Today we had an important meeting at HHS related to electronic medical record standards. The development of standards for interoperable health information systems is one of my most significant goals. I believe the standards required to make this electronic medical records system work have to be collaboratively developed among various stakeholders. About two years ago we created the American Health Information Community for that purpose. Rather than try to write much about it I will ask one of my colleagues to insert a link here to the AHIC website: http://www.hhs.gov/healthit/community/background/

People have been talking about interoperable systems for years but the standards to make them work haven’t materialized.
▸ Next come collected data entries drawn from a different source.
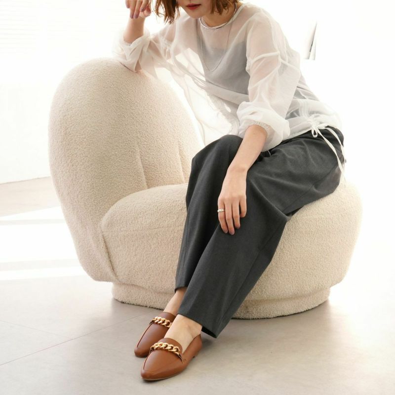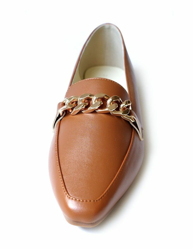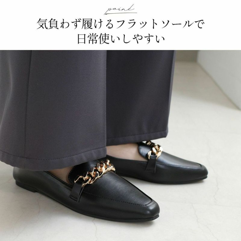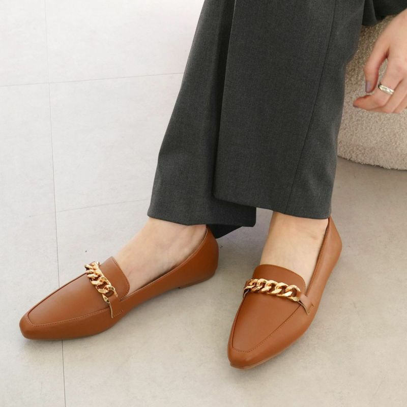 足元の表情が煌めき華やぐ、ゴールドチェーンローファー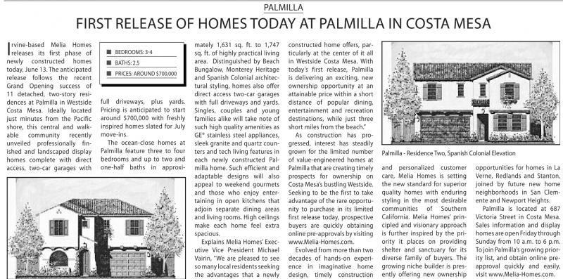Melia Homes releases its first phase of newly constructed homes today, June 13. Theanticipated release follows the recent Grand Opening success of 11 detached, two-story residences at Palmilla in Westside Costa Mesa. Ideally located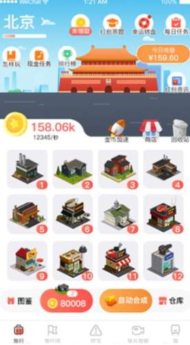 飞屋旅行是一个旅行世界模式的合成类游戏。玩家在游戏中不断的合成各种飞屋,来赚取红包奖励,更有超大机率获得分红屋,玩家邀请好友还能获得海量红包。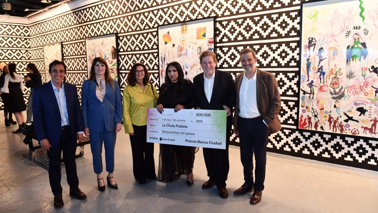 El premio a la artista visual Chola Poblete fue entregado por Guillermo A. Laje, presidente del Banco Ciudad, en el stand B20 en el que se exhibe la muestra “Pop Andino” de la artista de la Galería Pasto. Estuvieron acompañados por el vicepresidente del Ciudad, Fernando Elías; Paula Villalba, síndica de la entidad financiera; Larisa Andreani, presidenta de la Fundación arteba; y Leticia A Kabusacki y José Luis Lorenzo, del Consejo de Administración de arteba.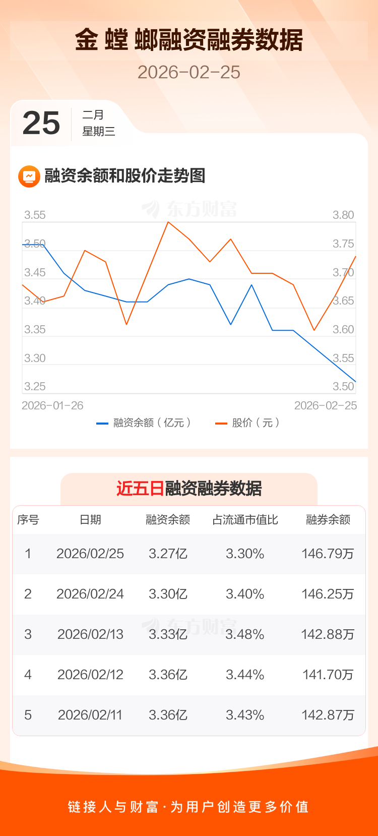 交易所最新数据显示,金 螳 螂于2026年2月25日获融资买入1401.36万元,融资偿还1727.77万元,当日融资净偿还326.41万元。目前,该股融资余额3.27亿,占流通市值比例为3.30%。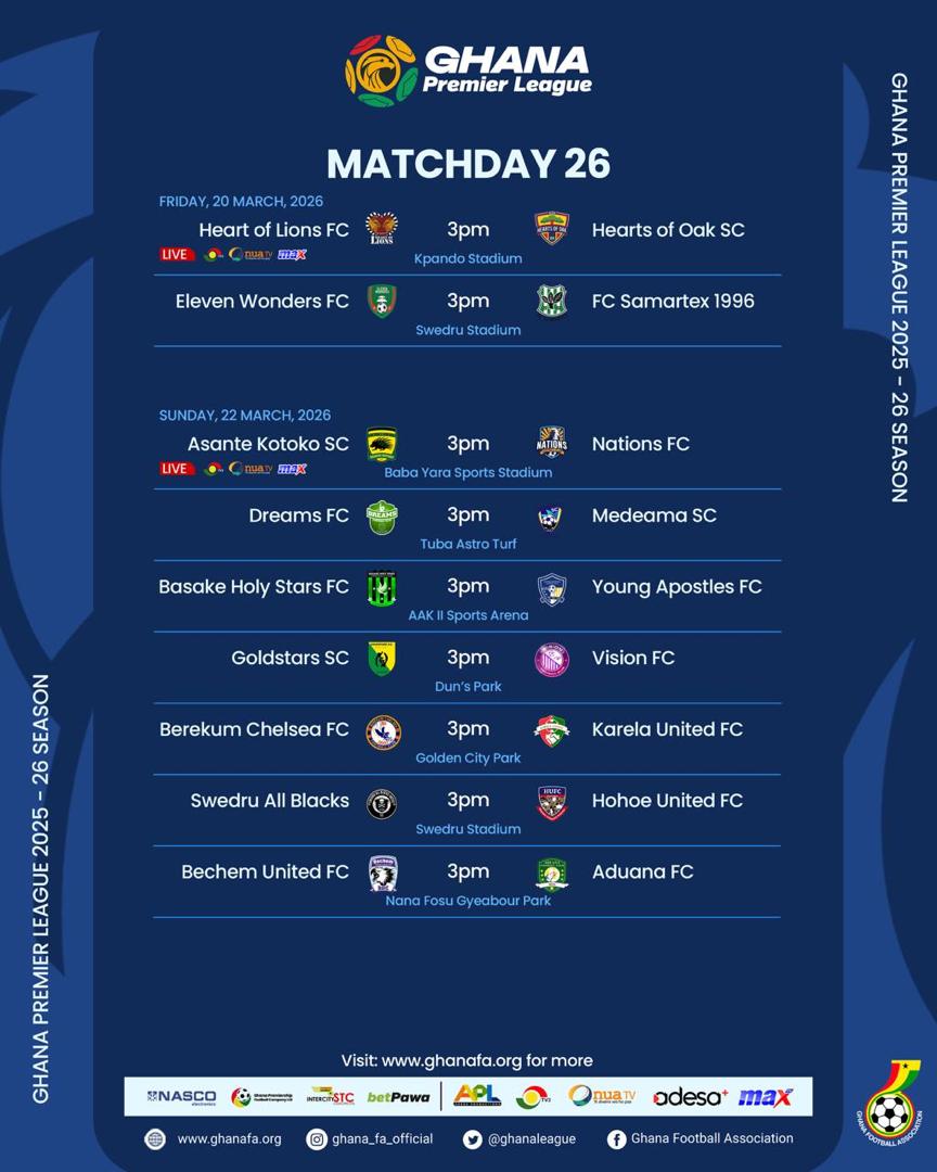 15:00 Asante Kotoko vs Nations FC - Baba Yara Stadium, Kumasi (TV3, Onua TV, Max TV, Adesa platforms)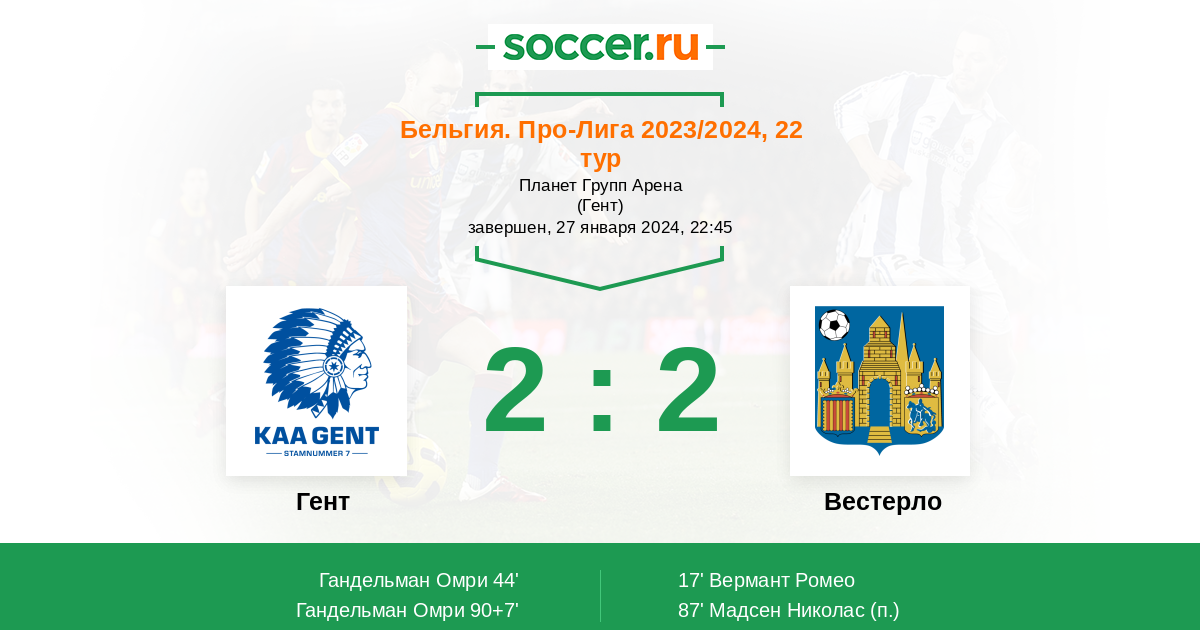 В матче бельгийской Про-Лиги между командами Гент и Вестерло смею предположить победу хозяев, потому как на их стороне преимущество своего поля, плюс гораздо результативнее в атаке и надёжнее оборона .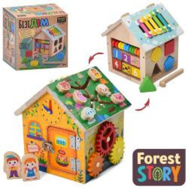 Іграшка дерев'яна Бізікуб,будиночок,ксилофон,шест.,сортер,в кор-ці,18х21х19см №MD1364(12)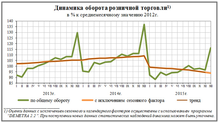 В соответствии с опубликованными Росстатом предварительными данными, оборот розничной торговли в 2015г. составил 27575,7 млрд.рублей, что в сопоставимых ценах составляет 90,0% к 2014г., в декабре 2015г. - 2865,0 млрд.рублей и 84,7% к соответствующему периоду предыдущего года.

So, those who invest in electronic health records are isolated. Many others put investment off, waiting until the systems mature.
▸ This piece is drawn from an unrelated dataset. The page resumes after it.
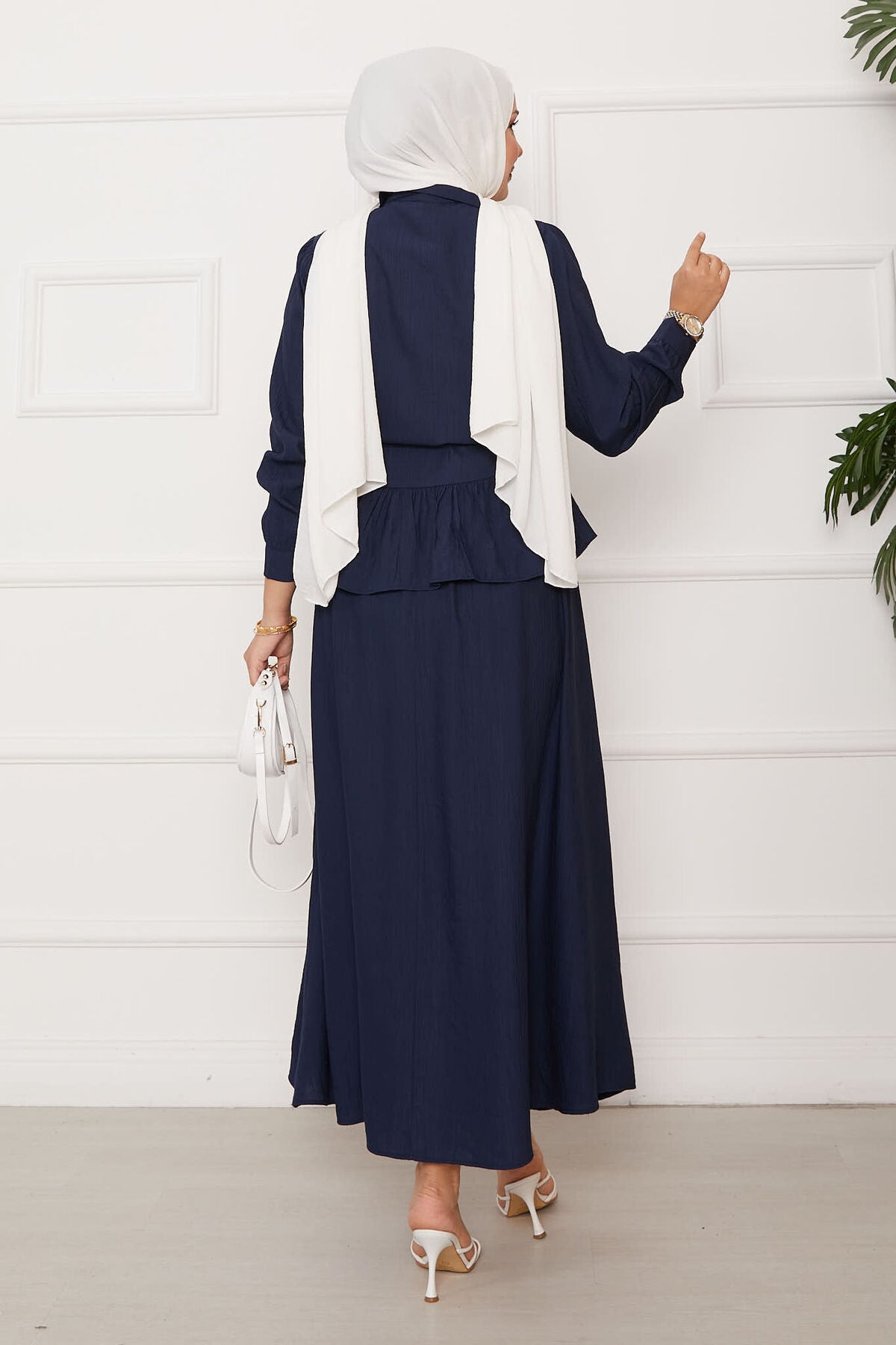 Beli Bağcık Detaylı Etekli İkili Takım Lacivert

This is an extraordinarily complex problem but the biggest challenges aren’t technological; they’re sociological, i.e. conflicting economic interests and turf. AHIC has successfully created a place and process to sort through them in an orderly way. We are starting to make serious progress which you can read about on the website.

Our plan from the beginning has been to get the standards development process started inside the government and then once it is functioning create a non-profit entity that operates under a highly democratic governance system so the progress can be accelerated and perpetuated. I call the transition moving from AHIC 1.0 to AHIC 2.0.

The government will have to be the biggest participant in the process, but to get these things right, the entire health sector has to be at the table in a meaningful way. The federal government will not only be the biggest participant but we have also committed to use the standards developed there. The President signed an Executive Order last August making clear that all the federal agencies, including Medicare, Medicaid, the Veterans Administration, and Department of Defense etc. will adopt the standards. We need to insist those we pay do the same thing, over time.

Today we held a meeting with interested people and organizations to invite their help in creating the non-profit entity and its governance.

The last several years I have become rather interested in collaboration as a large scale problem solving tool. I’m persuaded skillful organization of collaborations is a 21st century skill set. It is a close cousin to network theory. In fact, I think collaboration is the sociology of network building.

Our world is intuitively organizing itself into networks. Networks require standards to operate. The skills to navigate the creation and governance of networks constitute the next frontier of human productivity. Organizations and societies that learn to solve complex problems using these skills will begin to out pace their competitors.

The development of AHIC 2.0 is a significant venture. I’m optimistic it can produce a vitally important institution but it will require our best statesmanship to overcome the natural tension of competing economic interests and turf.

If readers have a chance to look through the AHIC website, I’d be interested to hear your thoughts.

One last thing...

My heart has been with my fellow Utahn’s who are suffering through the coal mine disaster near Huntington. As Governor of Utah, I got to know the people of that area well and I went into the mines several times, so I have a picture in my mind of the environment those rescue workers and the trapped workers are working in. I’m grateful for the courageous action of the rescuers; sad for the families and community; mindful of the excruciatingly difficult decisions the mine safety people are faced with. They are all in my prayers.